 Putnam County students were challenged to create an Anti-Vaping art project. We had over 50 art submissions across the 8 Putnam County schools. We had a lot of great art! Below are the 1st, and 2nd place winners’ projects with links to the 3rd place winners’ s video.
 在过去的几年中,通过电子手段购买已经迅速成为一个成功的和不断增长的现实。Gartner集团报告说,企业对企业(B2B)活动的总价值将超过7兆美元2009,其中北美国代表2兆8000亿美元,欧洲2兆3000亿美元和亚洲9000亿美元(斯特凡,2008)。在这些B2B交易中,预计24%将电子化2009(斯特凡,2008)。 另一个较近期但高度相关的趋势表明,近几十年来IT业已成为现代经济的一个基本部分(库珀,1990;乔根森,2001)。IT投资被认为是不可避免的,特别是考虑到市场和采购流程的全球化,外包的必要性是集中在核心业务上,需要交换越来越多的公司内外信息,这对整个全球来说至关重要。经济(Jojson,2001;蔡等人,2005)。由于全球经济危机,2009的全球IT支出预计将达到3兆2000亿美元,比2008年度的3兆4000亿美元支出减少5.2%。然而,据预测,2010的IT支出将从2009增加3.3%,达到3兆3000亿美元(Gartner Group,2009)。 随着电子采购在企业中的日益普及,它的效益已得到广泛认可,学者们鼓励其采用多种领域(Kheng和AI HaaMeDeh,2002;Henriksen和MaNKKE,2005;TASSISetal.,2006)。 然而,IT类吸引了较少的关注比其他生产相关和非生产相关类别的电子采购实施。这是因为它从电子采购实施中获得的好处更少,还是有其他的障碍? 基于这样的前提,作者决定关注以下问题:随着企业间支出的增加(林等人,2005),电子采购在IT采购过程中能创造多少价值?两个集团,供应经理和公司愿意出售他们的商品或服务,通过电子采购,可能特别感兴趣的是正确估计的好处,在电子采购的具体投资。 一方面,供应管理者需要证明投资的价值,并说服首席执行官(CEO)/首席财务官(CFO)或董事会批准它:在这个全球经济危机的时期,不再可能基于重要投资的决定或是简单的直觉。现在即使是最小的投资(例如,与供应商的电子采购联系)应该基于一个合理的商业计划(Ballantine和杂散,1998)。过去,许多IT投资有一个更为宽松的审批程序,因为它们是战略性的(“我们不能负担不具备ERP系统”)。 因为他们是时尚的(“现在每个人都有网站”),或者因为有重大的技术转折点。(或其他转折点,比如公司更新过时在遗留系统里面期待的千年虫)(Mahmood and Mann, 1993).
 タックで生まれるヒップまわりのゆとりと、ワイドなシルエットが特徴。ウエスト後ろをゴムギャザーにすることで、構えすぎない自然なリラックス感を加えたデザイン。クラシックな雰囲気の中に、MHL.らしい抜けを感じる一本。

☆ ☆ ☆

Task to carry out: Retype, without any change, the lines from the one containing "and Mann, 1993)." through the final line of the material above, and no others.

Solved problem:
 在过去的几年中,通过电子手段购买已经迅速成为一个成功的和不断增长的现实。Gartner集团报告说,企业对企业(B2B)活动的总价值将超过7兆美元2009,其中北美国代表2兆8000亿美元,欧洲2兆3000亿美元和亚洲9000亿美元(斯特凡,2008)。在这些B2B交易中,预计24%将电子化2009(斯特凡,2008)。 另一个较近期但高度相关的趋势表明,近几十年来IT业已成为现代经济的一个基本部分(库珀,1990;乔根森,2001)。IT投资被认为是不可避免的,特别是考虑到市场和采购流程的全球化,外包的必要性是集中在核心业务上,需要交换越来越多的公司内外信息,这对整个全球来说至关重要。经济(Jojson,2001;蔡等人,2005)。由于全球经济危机,2009的全球IT支出预计将达到3兆2000亿美元,比2008年度的3兆4000亿美元支出减少5.2%。然而,据预测,2010的IT支出将从2009增加3.3%,达到3兆3000亿美元(Gartner Group,2009)。 随着电子采购在企业中的日益普及,它的效益已得到广泛认可,学者们鼓励其采用多种领域(Kheng和AI HaaMeDeh,2002;Henriksen和MaNKKE,2005;TASSISetal.,2006)。 然而,IT类吸引了较少的关注比其他生产相关和非生产相关类别的电子采购实施。这是因为它从电子采购实施中获得的好处更少,还是有其他的障碍? 基于这样的前提,作者决定关注以下问题:随着企业间支出的增加(林等人,2005),电子采购在IT采购过程中能创造多少价值?两个集团,供应经理和公司愿意出售他们的商品或服务,通过电子采购,可能特别感兴趣的是正确估计的好处,在电子采购的具体投资。 一方面,供应管理者需要证明投资的价值,并说服首席执行官(CEO)/首席财务官(CFO)或董事会批准它:在这个全球经济危机的时期,不再可能基于重要投资的决定或是简单的直觉。现在即使是最小的投资(例如,与供应商的电子采购联系)应该基于一个合理的商业计划(Ballantine和杂散,1998)。过去,许多IT投资有一个更为宽松的审批程序,因为它们是战略性的(“我们不能负担不具备ERP系统”)。 因为他们是时尚的(“现在每个人都有网站”),或者因为有重大的技术转折点。(或其他转折点,比如公司更新过时在遗留系统里面期待的千年虫)(Mahmood and Mann, 1993).
 タックで生まれるヒップまわりのゆとりと、ワイドなシルエットが特徴。ウエスト後ろをゴムギャザーにすることで、構えすぎない自然なリラックス感を加えたデザイン。クラシックな雰囲気の中に、MHL.らしい抜けを感じる一本。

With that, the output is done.